Тут я, наверное, еще немножко сошел с ума: я вдруг собрался в магазин! За новым галстуком! Моя голова отказывалась уже что-либо соображать! Какой магазин? Какой! Сегодня магазины, где можно купить галстук, закрыты: понедельник – выходной! Даже если бы они работали – они работали бы с одиннадцати, а линейка в десять, и, наконец, все деньги у мамы, а мама на работе!

Тогда я быстро напялил пальто, схватил кепку – и к Сереге.

– Кто там? – спросил из-за двери Серега каким-то задушенным голосом.

– Открывай скорее! – закричал я.

– Не открою! – вдруг ответил Серега.

– Да ты что? Это же я! Открывай скорее, у меня беда!
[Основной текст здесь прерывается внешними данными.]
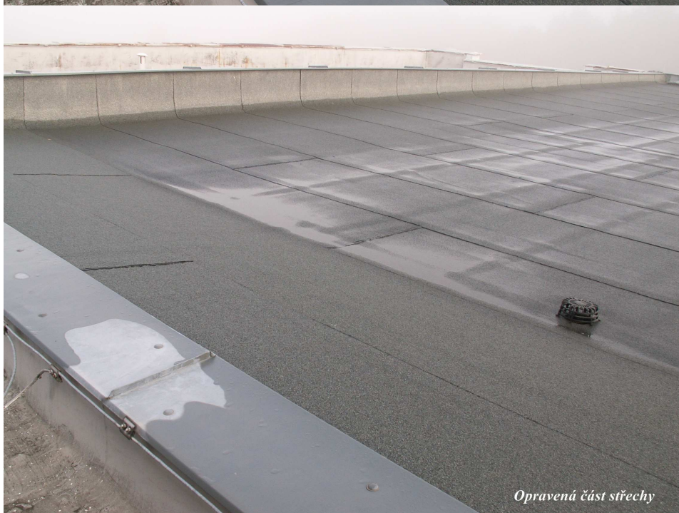
Opravená část střechy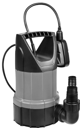
Serie AL 7993 X 411

– Не открою! – железным голосом ответил Серега. – У меня свинка! Уходи, а то заразишься.

И тут я обратил внимание, что на двери висит листовка: «Карантин».

– Открывай! – заорал я. – Я свинкой в детском саду болел! Не заражусь!

– Врешь!

– Честное слово!

– Смотри! Тебе же хуже.

Серега долго гремел замком и цепочкой.

– Вот, полюбуйся, – сказал он, распахивая дверь.

Он поворачивался только всем корпусом, а шея

была укутана целой подушкой бинтов. Компресс подпирал свернутые, как пельмени, Серегины уши.

– Да ладно, – сказал я, чтобы его утешить. – Это, конечно, противно и больно, но недолго. Через две недели будешь как огурчик и не вспомнишь про эту свинку поганую!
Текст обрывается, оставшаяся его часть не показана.